Department of Urology, Suez Canal University, Ismailia, Egypt.
Department of Surgery, Division of Urology, McGill University Health Centre, 1001 Boulevard Decarie, Suite D05.5331, Montreal, QC, H4A 3J1, Canada.
Curr Urol Rep. 2017 Sep 12;18(11):85. doi: 10.1007/s11934-017-0731-6.
Patients presenting with nephrolithiasis often undergo repeated imaging studies before, during, and after management. Considering the significant risk of stone recurrence in primary stone-formers, repeated imaging studies are not uncommon. Cumulative effects of ionizing radiation exposure from various imaging studies could potentially increase the risk for developing cataracts and solid malignancies in urolithiasis patients. Therefore, practitioners planning or performing imaging studies with ionizing radiation are compelled to keep radiation exposure to humans and the environment as low as possible, thus strictly adhering to the ALARA (As Low as Reasonably Achievable) principles. This chapter will review the latest literature on lifetime radiation exposure of nephrolithiasis patients and present the latest recommendations in minimizing radiation exposure to them pre-, intra-, and postoperatively. For patients presenting with acute renal colic, especially those with body mass index of < 30, low-dose noncontrast computed tomography is the current gold standard of imaging. Patients with opaque stones are followed with ultrasonography (US) and plain radiography (kidney, ureter, and bladder or KUB). Intraoperatively, pulsed fluoroscopy could be used to significantly reduce radiation during ureteroscopy and percutaneous nephrolithotomy. Immediately postoperatively and in the long term, US and KUB could be used to follow up patients with nephrolithiasis. Only symptomatic patients suspected of ureteral stricture should obtain tri-phasic CT urography. Following these latest imaging guidelines from the American Urological Association will dramatically reduce lifetime radiation exposure to patients with nephrolithiasis.

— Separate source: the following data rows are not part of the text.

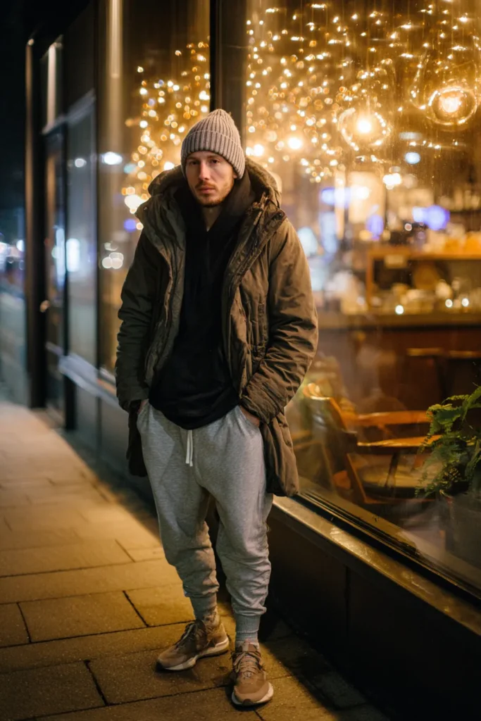 This look combines laid back comfort with practical winter layering. A dark olive parka with a hood keeps things warm on chilly nights, while a black hoodie underneath adds an easy casual touch. The light gray joggers balance the darker top layers and bring a soft, relaxed feel. Tan sneakers and a ribbed gray beanie round out the outfit, giving it a grounded and cozy streetwear vibe.
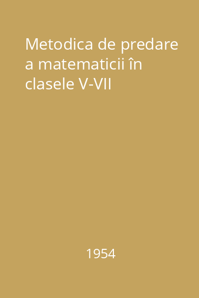 | Titlu | Metodica de predare a matematicii în clasele V-VII |
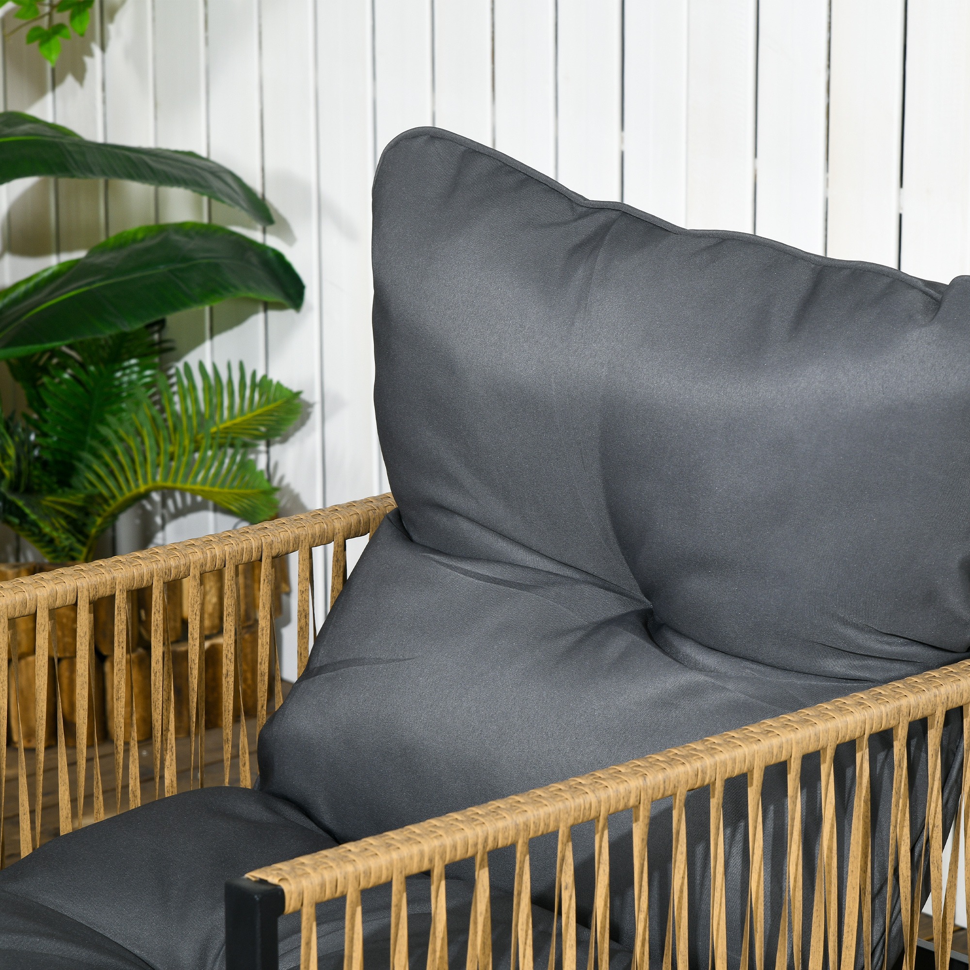 De diepe zitvorm en dikke kussens van de tuinmeubelenset zorgen voor maximaal comfort, zodat je heerlijk kunt relaxen. Het UV- en waterbestendige Polyrattan materiaal, gecombineerd met een roestvrijstalen frame, garandeert duurzaamheid en weerbestendigheid, zodat je tuinset er seizoen na seizoen prachtig uit blijft zien.
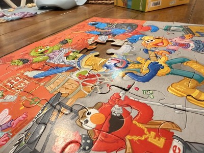 Get ready to rock with the Sesame Street Rock Stars Puzzle! Featuring your favorite Sesame Street characters in a lively band performance, this 48-piece puzzle showcases Oscar on drums, Grover on bass, Elmo and Zoe on vocals, Abby on keyboard, and Cookie Monster on guitar. With a finished size of 19" x 14", this puzzle provides ample space for preschoolers to assemble and enjoy the musical excitement. Crafted from recycled puzzle board, it's not only eco-friendly but also perfect for developing fine motor skills. Ideal for children aged 3 and above, this puzzle promises hours of entertainment and educational value for the whole family!

患有肾结石的患者在治疗前、治疗中和治疗后通常需要进行多次影像学检查。考虑到原发性结石形成者结石复发的风险显著增加,因此反复进行影像学检查并不罕见。来自各种影像学研究的电离辐射暴露的累积效应可能会增加尿石症患者发生白内障和实体恶性肿瘤的风险。因此,计划或进行电离辐射影像学检查的从业者必须将人类和环境的辐射暴露降至尽可能低,从而严格遵守 ALARA(尽可能低)原则。本章将回顾肾结石患者终生辐射暴露的最新文献,并提出术前、术中和术后尽量减少其辐射暴露的最新建议。对于出现急性肾绞痛的患者,特别是 BMI<30 的患者,低剂量非增强 CT 是目前影像学检查的金标准。对于不透射线的结石患者,采用超声检查(US)和腹部平片(肾脏、输尿管和膀胱或 KUB)进行随访。术中,脉冲透视术可显著减少输尿管镜检查和经皮肾镜取石术中的辐射。术后即刻和长期,可使用 US 和 KUB 对肾结石患者进行随访。只有怀疑有输尿管狭窄的有症状患者才应进行三时相 CT 尿路造影。遵循美国泌尿外科学会的这些最新影像学指南,将显著降低肾结石患者的终生辐射暴露。